= Given entries =
· · · ·

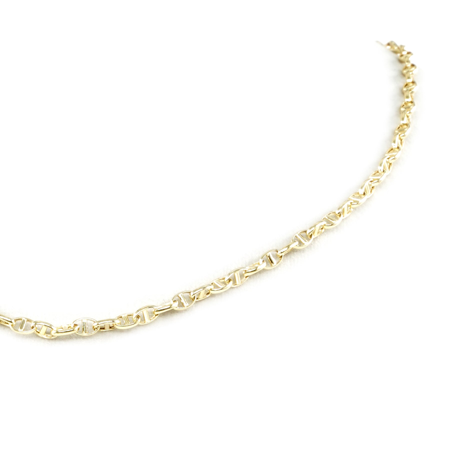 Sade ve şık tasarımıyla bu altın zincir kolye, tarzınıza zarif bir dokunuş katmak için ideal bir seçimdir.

· · · ·

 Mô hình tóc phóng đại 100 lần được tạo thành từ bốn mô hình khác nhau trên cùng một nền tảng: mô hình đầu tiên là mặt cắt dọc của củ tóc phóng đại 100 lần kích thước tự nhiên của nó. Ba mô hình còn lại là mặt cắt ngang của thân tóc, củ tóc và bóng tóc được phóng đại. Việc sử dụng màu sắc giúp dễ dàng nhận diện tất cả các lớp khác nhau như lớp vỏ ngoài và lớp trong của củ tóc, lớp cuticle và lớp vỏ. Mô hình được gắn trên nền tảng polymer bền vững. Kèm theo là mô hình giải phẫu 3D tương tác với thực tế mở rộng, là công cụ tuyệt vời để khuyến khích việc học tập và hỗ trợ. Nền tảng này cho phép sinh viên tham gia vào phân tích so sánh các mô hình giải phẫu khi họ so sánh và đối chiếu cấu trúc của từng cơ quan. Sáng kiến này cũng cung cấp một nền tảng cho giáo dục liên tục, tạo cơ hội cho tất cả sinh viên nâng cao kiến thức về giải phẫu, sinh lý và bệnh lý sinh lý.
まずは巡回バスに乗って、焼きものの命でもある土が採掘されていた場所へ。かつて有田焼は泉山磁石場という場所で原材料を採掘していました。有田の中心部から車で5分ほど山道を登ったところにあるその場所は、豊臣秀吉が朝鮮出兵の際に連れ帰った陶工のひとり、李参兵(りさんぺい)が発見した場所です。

· · · ·

= Task prompt =
In the listing above, locate the line containing "Mô hình tóc" and the line containing "まずは巡回バスに乗って、焼き". Extract those two lines and every line between them, exactly as written, and only those.

= Result =
 Mô hình tóc phóng đại 100 lần được tạo thành từ bốn mô hình khác nhau trên cùng một nền tảng: mô hình đầu tiên là mặt cắt dọc của củ tóc phóng đại 100 lần kích thước tự nhiên của nó. Ba mô hình còn lại là mặt cắt ngang của thân tóc, củ tóc và bóng tóc được phóng đại. Việc sử dụng màu sắc giúp dễ dàng nhận diện tất cả các lớp khác nhau như lớp vỏ ngoài và lớp trong của củ tóc, lớp cuticle và lớp vỏ. Mô hình được gắn trên nền tảng polymer bền vững. Kèm theo là mô hình giải phẫu 3D tương tác với thực tế mở rộng, là công cụ tuyệt vời để khuyến khích việc học tập và hỗ trợ. Nền tảng này cho phép sinh viên tham gia vào phân tích so sánh các mô hình giải phẫu khi họ so sánh và đối chiếu cấu trúc của từng cơ quan. Sáng kiến này cũng cung cấp một nền tảng cho giáo dục liên tục, tạo cơ hội cho tất cả sinh viên nâng cao kiến thức về giải phẫu, sinh lý và bệnh lý sinh lý.
まずは巡回バスに乗って、焼きものの命でもある土が採掘されていた場所へ。かつて有田焼は泉山磁石場という場所で原材料を採掘していました。有田の中心部から車で5分ほど山道を登ったところにあるその場所は、豊臣秀吉が朝鮮出兵の際に連れ帰った陶工のひとり、李参兵(りさんぺい)が発見した場所です。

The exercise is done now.